Well, I first have to make a script for my video with directions for the editing, what I say, and a basic idea of what the music and sound effects will be like.
Then, I have to make most of the sound aspect of the piece, making sure it’s in time with the video.
Next, I have to convert the video into sound, which is a big problem because I know of a few ways to do that but they can all only be done as images. This means I would have to make an image sequence of the whole video (I’ll make it in 30fps) and convert them individually into sound bites.
Honestly, that’s the simple part (kind of) because I then have to convert all of the spectrograms into images again which complicates this process and makes it a lot harder than just turning an image into a sound. That would be around 7200 different sound bites and thus frames, all of which I have to individually capture (I know of ways to do this in FFmpeg; however, I am not that learned when it comes to coding and it becomes a lot more complicated to make something when I’m going from video to sound to images and then back to video).

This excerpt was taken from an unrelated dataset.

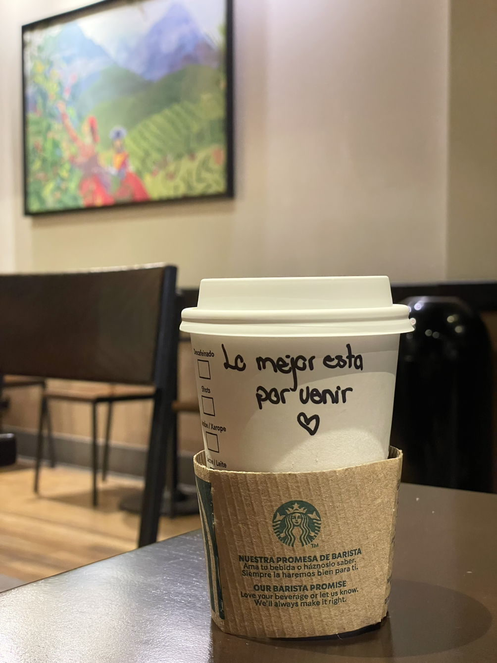9월 첫 주에 스페인어 수업을 시작한 뒤로 하루도 빠짐없이 수업이 있었는데, 오늘 처음 Día del Respecto a la Diversidad Cultural라는 아르헨티나 공휴일로 프로페소라가 쉬어야하니 수업이 없었다. 다른 나라에 있는 한국분들이 각 나라 공휴일보다 아르헨티나 공휴일이 더 기다려진다고 말씀하시는 이유가 있었다. 집으로 돌아와 점심을 먹고 외출 준비 후 어제 실패한 카페로 걸어가려는데 또다시 비가 왔다. 그래서 오늘도 또타벅스행. 어제에 이어 오늘도 오늘의 커피 한 잔 주세요~하고 에스더용! 하려는데 알바 언니가 (아마 언니가 아니었겠지) 내 이름을 기억해 줬다. 그렇게 받아 든 컵에는 'Lo mejor esta por venir♡(더 좋은 일들은 아직 오는 중..?이라고 이해함.)'이라고 적혀있었다. 나에게만 적어준 것은 아니겠지만 그래도 덕분에 따뜻한 마음으로 빈 시간 사이에 밀린 일기를 작성하기 시작했다.

Lastly, I would compile the images into a video again and add the “soundtrack” and also a representation of the sound of the video spectrograms as a drone throughout the piece.
I also want to manipulate the video using the audio effects from the soundtrack, so I need to work that out as well.

I don’t really need to do this, I could just make a sound piece in the same vein. Nevertheless, I’ve chosen to make something like this because the whole reason I talk about what I’ve learnt during my year in sound arts is that it has improved my practice outside of sound arts (video editing and music). I want to a piece only I could conceive, something original to me, and my way of doing that is making a piece that is an amalgamation of all my creative disciplines.

Before I did sound arts, I was, and still am, a fine artist and musician. Through this piece, I want that aspect of myself to be shown because I do believe it’s the links between different disciplines that elevate my work.